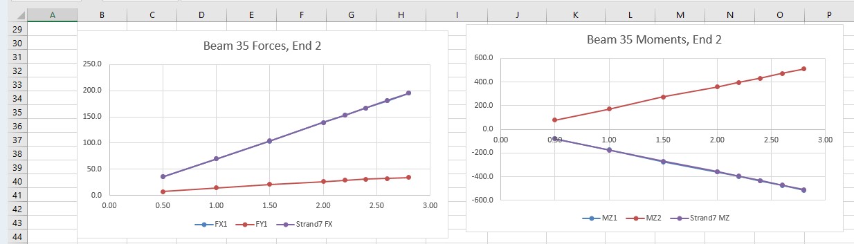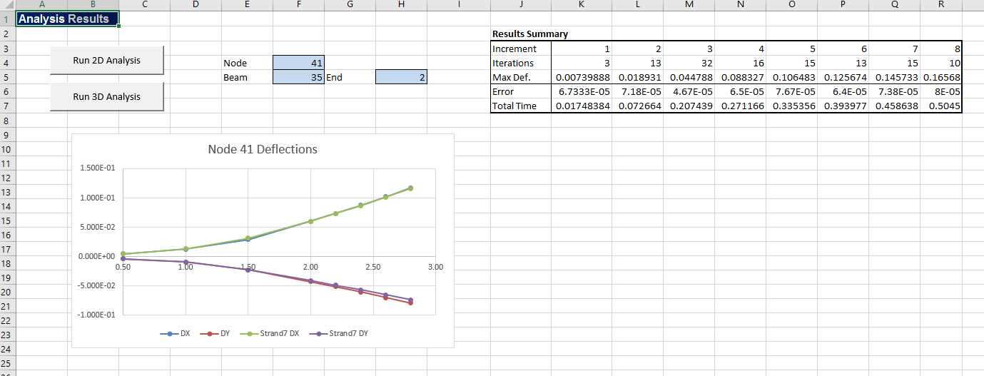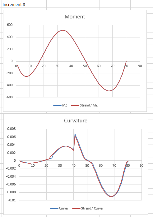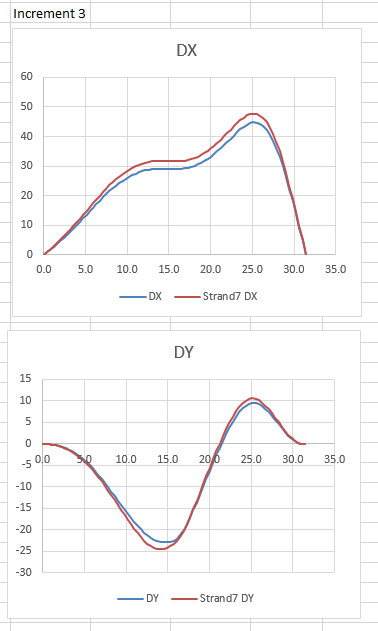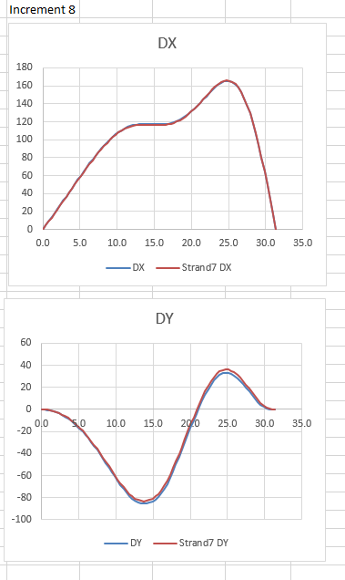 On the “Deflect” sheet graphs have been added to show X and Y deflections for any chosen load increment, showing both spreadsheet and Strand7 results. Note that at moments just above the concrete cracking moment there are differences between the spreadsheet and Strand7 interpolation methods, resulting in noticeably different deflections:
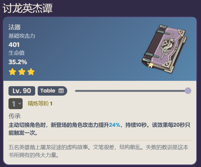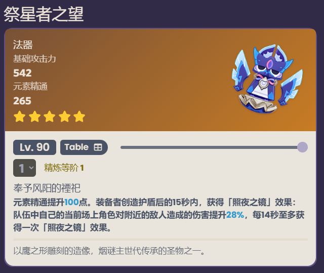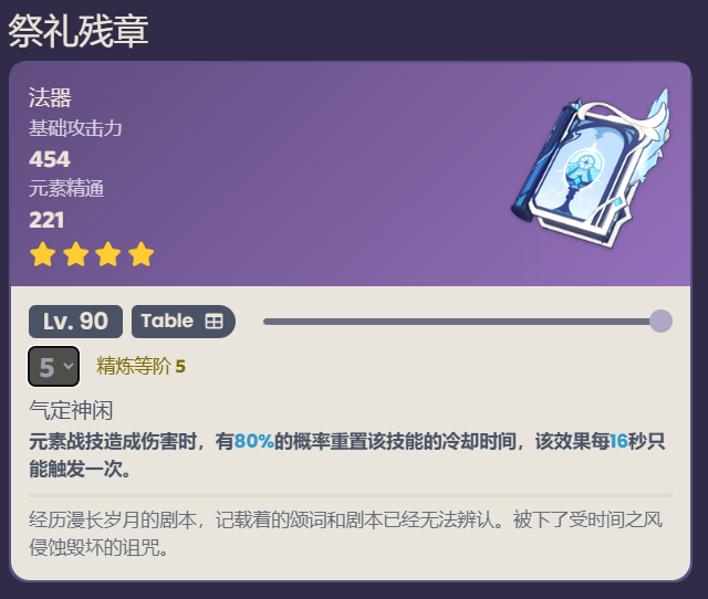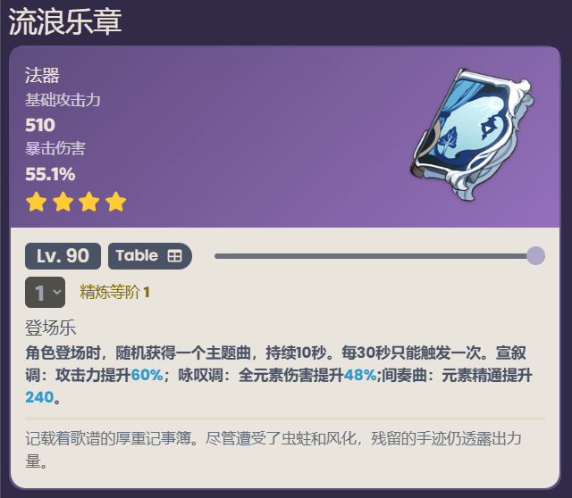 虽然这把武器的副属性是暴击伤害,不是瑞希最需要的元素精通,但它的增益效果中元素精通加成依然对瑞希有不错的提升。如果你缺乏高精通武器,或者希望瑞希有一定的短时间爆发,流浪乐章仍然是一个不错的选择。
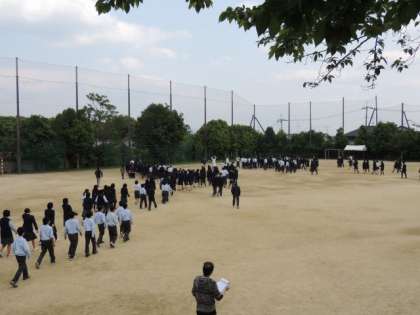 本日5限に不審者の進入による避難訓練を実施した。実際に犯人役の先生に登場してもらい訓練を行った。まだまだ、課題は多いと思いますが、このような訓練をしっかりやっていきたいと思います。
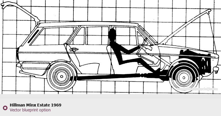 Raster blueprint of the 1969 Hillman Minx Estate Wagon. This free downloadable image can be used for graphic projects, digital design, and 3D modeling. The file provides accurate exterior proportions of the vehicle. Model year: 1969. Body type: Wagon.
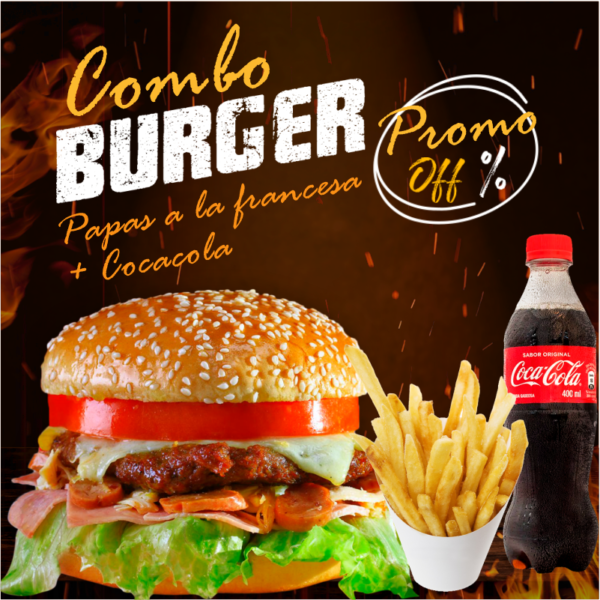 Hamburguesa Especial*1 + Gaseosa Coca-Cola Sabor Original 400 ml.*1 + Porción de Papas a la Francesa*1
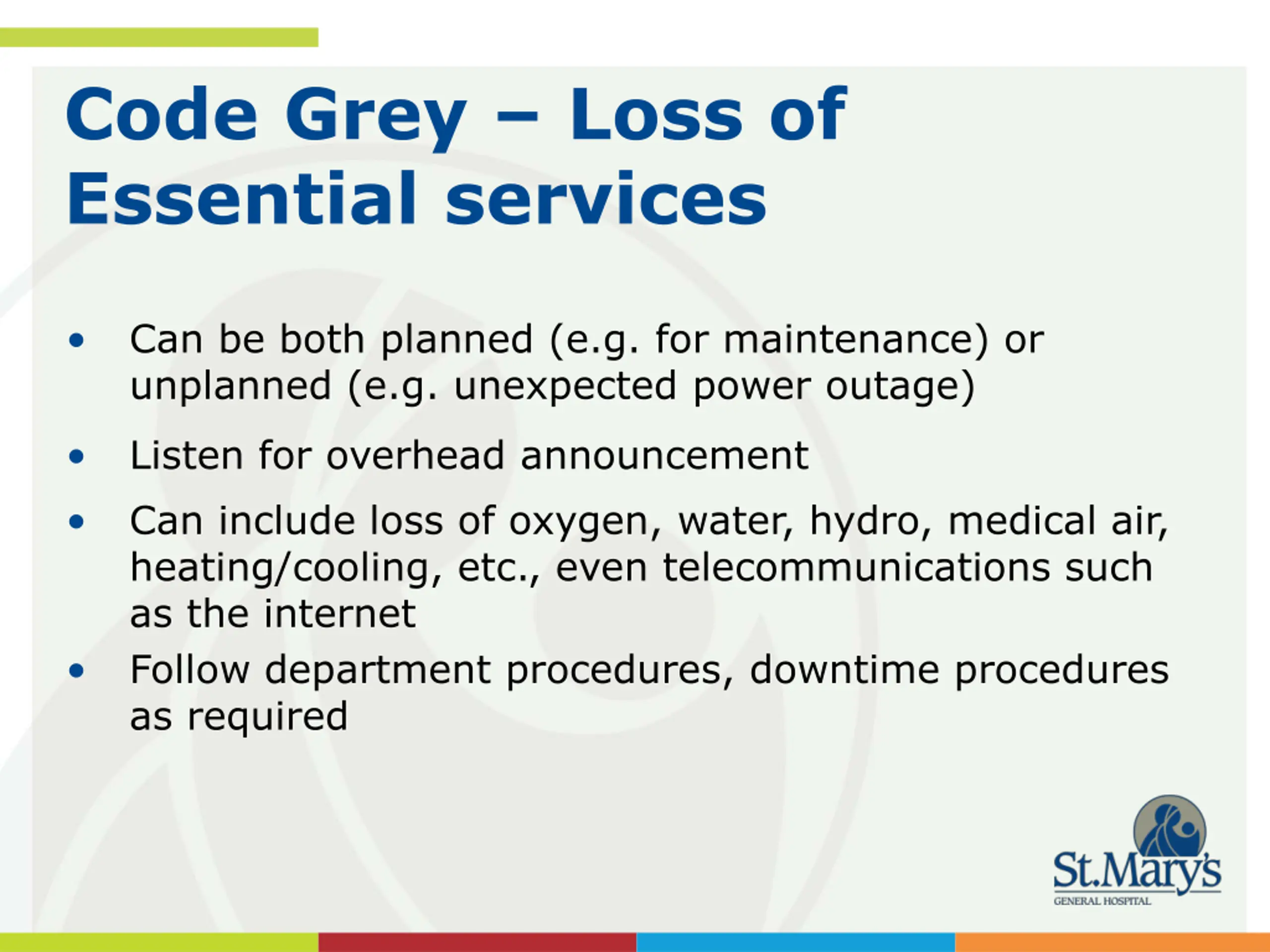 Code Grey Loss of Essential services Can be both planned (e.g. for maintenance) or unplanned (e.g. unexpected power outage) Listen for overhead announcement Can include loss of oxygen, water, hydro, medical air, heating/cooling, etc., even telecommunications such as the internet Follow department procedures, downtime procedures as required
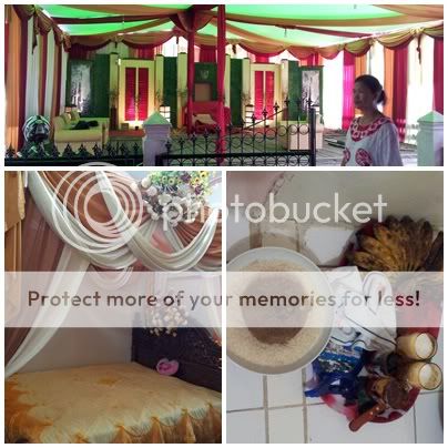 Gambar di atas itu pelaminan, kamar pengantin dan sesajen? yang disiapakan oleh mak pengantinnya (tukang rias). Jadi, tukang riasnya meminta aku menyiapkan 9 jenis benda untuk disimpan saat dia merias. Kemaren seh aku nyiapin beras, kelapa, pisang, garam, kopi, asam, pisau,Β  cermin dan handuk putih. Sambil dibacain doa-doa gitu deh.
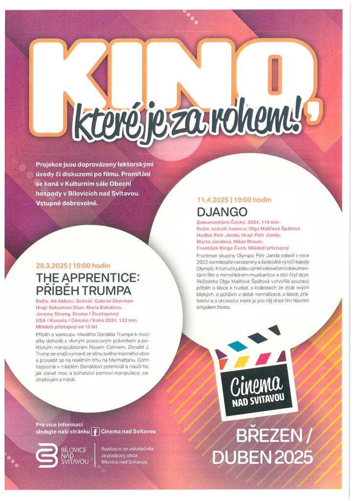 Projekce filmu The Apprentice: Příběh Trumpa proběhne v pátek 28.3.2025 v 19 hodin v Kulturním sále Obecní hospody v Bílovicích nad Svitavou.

******

TRY IT | Print every line above once more, exactly. Omit the pictures.

TASK ANSWER |
 On the “Deflect” sheet graphs have been added to show X and Y deflections for any chosen load increment, showing both spreadsheet and Strand7 results. Note that at moments just above the concrete cracking moment there are differences between the spreadsheet and Strand7 interpolation methods, resulting in noticeably different deflections:
 虽然这把武器的副属性是暴击伤害,不是瑞希最需要的元素精通,但它的增益效果中元素精通加成依然对瑞希有不错的提升。如果你缺乏高精通武器,或者希望瑞希有一定的短时间爆发,流浪乐章仍然是一个不错的选择。
 本日5限に不審者の進入による避難訓練を実施した。実際に犯人役の先生に登場してもらい訓練を行った。まだまだ、課題は多いと思いますが、このような訓練をしっかりやっていきたいと思います。
 Raster blueprint of the 1969 Hillman Minx Estate Wagon. This free downloadable image can be used for graphic projects, digital design, and 3D modeling. The file provides accurate exterior proportions of the vehicle. Model year: 1969. Body type: Wagon.
 Hamburguesa Especial*1 + Gaseosa Coca-Cola Sabor Original 400 ml.*1 + Porción de Papas a la Francesa*1
 Code Grey Loss of Essential services Can be both planned (e.g. for maintenance) or unplanned (e.g. unexpected power outage) Listen for overhead announcement Can include loss of oxygen, water, hydro, medical air, heating/cooling, etc., even telecommunications such as the internet Follow department procedures, downtime procedures as required
 Gambar di atas itu pelaminan, kamar pengantin dan sesajen? yang disiapakan oleh mak pengantinnya (tukang rias). Jadi, tukang riasnya meminta aku menyiapkan 9 jenis benda untuk disimpan saat dia merias. Kemaren seh aku nyiapin beras, kelapa, pisang, garam, kopi, asam, pisau,Β  cermin dan handuk putih. Sambil dibacain doa-doa gitu deh.
 Projekce filmu The Apprentice: Příběh Trumpa proběhne v pátek 28.3.2025 v 19 hodin v Kulturním sále Obecní hospody v Bílovicích nad Svitavou.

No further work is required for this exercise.